Il la fit tourner une fois – et maintenant, nous devons attendre qu’il ouvre complètement et qu’il soulève le couvercle ; ce n’est qu’après que nous saurons quels trésors il a trouvés dans la boîte. »
Jacob et Wilhem Grimm

Andrea Dezsö in The Original Folk and Fairy Tales of the Brothers Grimm.
Contes pour les enfants et la maison, Jacob & Wilhem Grimm, José Corti Éditions, 2009
The Original Folk and Fairy Tales of the Brothers Grimm, Jacob & Wilhelm Grimm, Illustrated by Andrea Dezsö, Princeton University Press, 2015
Bonne nuit mon chéri
14 janvier 2015 § 8 Commentaires
Longtemps j’ai cherché le remède à mes insomnies.
Je l’ai trouvé en lisant cet album désopilant : il suffit de s’installer à côté d’un ours.
C’est tout bête.
Mais je n’y aurais pas pensé.
Et ça tombe bien, vu que j’ai un ours sous la main. Suivez mon regard.
Non, je ne fais pas allusion à la pilosité de l’Auteur, petits coquins, plutôt à son tempérament.
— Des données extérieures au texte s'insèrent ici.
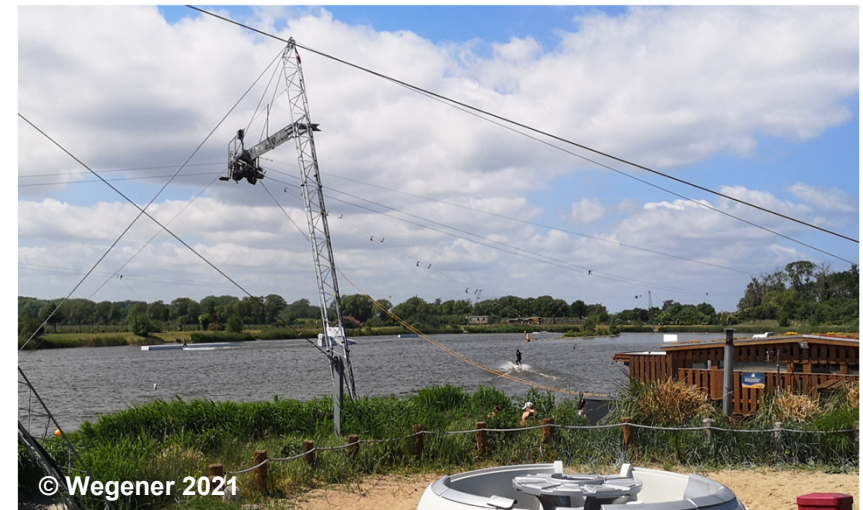
Blick auf die Freizeitanlage
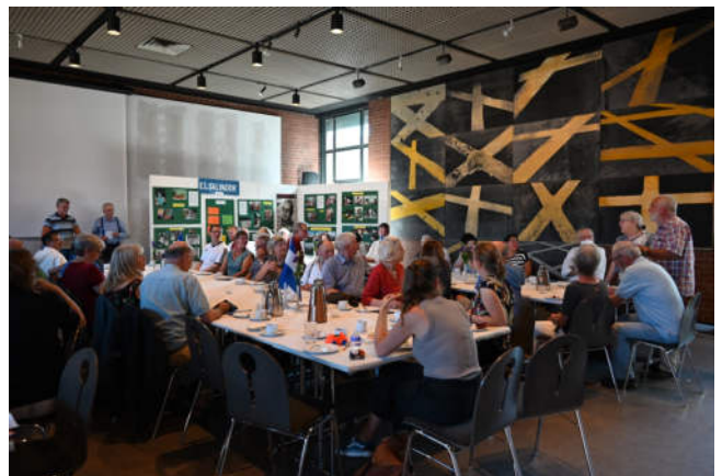
Vorstellung der Gruppen

Der große Saal der Pfarrgemeinde St. Albertus Magnus war gut gefüllt. Es gab etwas zu feiern, und darauf hatte sich der Freundeskreis El Salvador schon seit über einem Jahr vorbereitet. Am Samstag, dem 16.09.2023, war es dann so weit. Mitglieder des Freundeskreises von Nah und Fern, von anderen El Salvador-Solidaritätsgruppen, eine Lehrerin mit Schülerinnen als Vertretung der Schulpartnerschaft der IGS Franzches Feld, Gemeindemitglieder und Interessierte waren da.
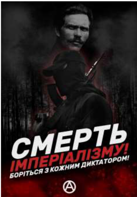
Obrázek č. 10

Dostupné z WWW: < https://t.me/TrackAMerc/6329 >

Vous allez me dire : oui mais quid du pourquoi du comment de l’ours à l’insomnie ? Bonne question.
Eh bien, mes petits cœurs au beurre, harceler son ours préféré constitue une alternative fort récréative à l’insomnie. Je n’en dirai pas plus, histoire de ne pas vous gâcher cette lecture.
Je me suis donc inspirée de Duck pour programmer des activités à partager avec mon ours dès la prochaine insomnie : rangement d’albums photos ; confection de pâte à tartiner aux noisettes bio ; partie de Cluedo ; course de relais avec traversée éclair des Tuileries ; danse des sept voiles devant la statue de Balzac ; baignade au clair de lune dans la fontaine Stravinsky.
Comme pour sa part, l’Auteur s’endort dès qu’il pose le citron sur l’oreiller, et d’ordinaire assez tôt, ça va lui changer la vie.
Bonne nuit mon chéri !
Goodnight already! Jory Jones (texte) & Benji Davies (illustrations), Harper Collins Children’s Books, 2015.
À partir de 4 ans, en anglais.
Bonjour chez vous
3 janvier 2015 § 12 Commentaires
Un jour on finit par rentrer à Paris, mes lapins germanopratins.
Et là, catastrophe, on voudrait être ailleurs.
Trop de bruit, trop de gens, trop de boutiques, trop de restau, trop d’ados qui veulent un nouveau téléphone en plus d’être collés pour tout le mois de janvier, trop de métro, de bus, de vélos, de musées, de boul’Mich, de sandwich, de macarons, de bidules, de machins et de perlimpinpin.
Le mieux, pour se sentir de nouveau chez soi, c’est un album sautillant, rempli de bonjours, avec quelques mercis : Everybody Bonjours!
Merci par-ci, bonjour par-là… Ces petits mots, il n’y en a jamais trop.
Ça change la vie, on est poli.
On dit bonjour à tout bout de champ…
Ce qui donne l’air un peu neuneu, mais rend tout so plus chou !
Everybody Bonjours, Leslie Kimmelman (texte) & Sarah McMenemy (illustrations), Dragonfly Books, 2008
À partir de 3 ans, et en anglais s’il vous plaît.